Reply
Cloudera Employee
Posts: 129
Registered: ‎01-15-2015

Re: After enabling TLS cloudera agent heartbeat failing

Please note that keystores/truststores need to be in standard JCEKS format and the documentation does not state otherwise. PKCS12 is only used for exporting and converting certificate plus private key to PEM format for CM agent config. Can you please point to the sentence suggesting PKCS12 format so that we can correct it?
Explorer
Posts: 20
Registered: ‎12-27-2018

Re: After enabling TLS cloudera agent heartbeat failing

Hi,

 

Here is my response to your questions, can you please correct me what I am doing wrong.

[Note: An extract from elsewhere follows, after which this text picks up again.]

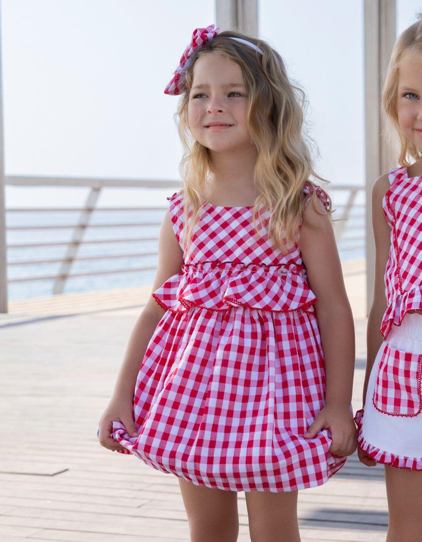 Vistoso vestido sin mangas para niña de la marca Miranda. Esta confeccionado en tejido de cuadros rojo y blanco, y luce volante de la misma tela en el delantero tapando el corte. Lleva gran escote en la espalda, donde los tirantes se dividen y van cubiertos por volante de la misma tela. Cierra en la espalda con botonadura vista de 2 botones rojos.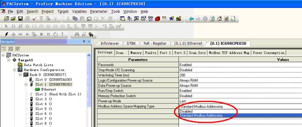 Modbus address space mapping should be done in GE PACSystems.

Also if you need some more details, I should be able to share.

 

Thanks,

Tulasi

 

1.) Ensure that the certificates are in a standard x509 format for the agent.
Yes it is standard x509, see my response to Bgooley

2.) Ensure that the truststores/keystores on the CM host are in JCEKS format and not pkcs12.
As per cloudera document, it should be JCEKS. From the link  
https://www.cloudera.com/documentation/enterprise/5-15-x/topics/how_to_configure_cm_tls.html
section "Generate TLS Certificate", point 3

3.) Make sure that the cloudera-scm user can read the Private Key, Certificates, Truststores, and Password Files.
Yes, see my response to gzigldrum

4.) Make sure that the certificate on the failing agent contains a proper CN and DNS Alt Name if Alt Names are in use.
Yes, I have verified this as well

5.) Are you using self-signed certificates or certificates signed by a CA?
I am using self signed certificate

6.) If all else fails you can obtain a tcpdump of attempted communication with the server. The port that we normally heartbeat to is 7182. You can then review the conversation between the server and agent to attempt to identify at what point the error is returned and potentially what error is being observed at the protocol level. You can identify and restrict your tcpdump information by tcp.stream.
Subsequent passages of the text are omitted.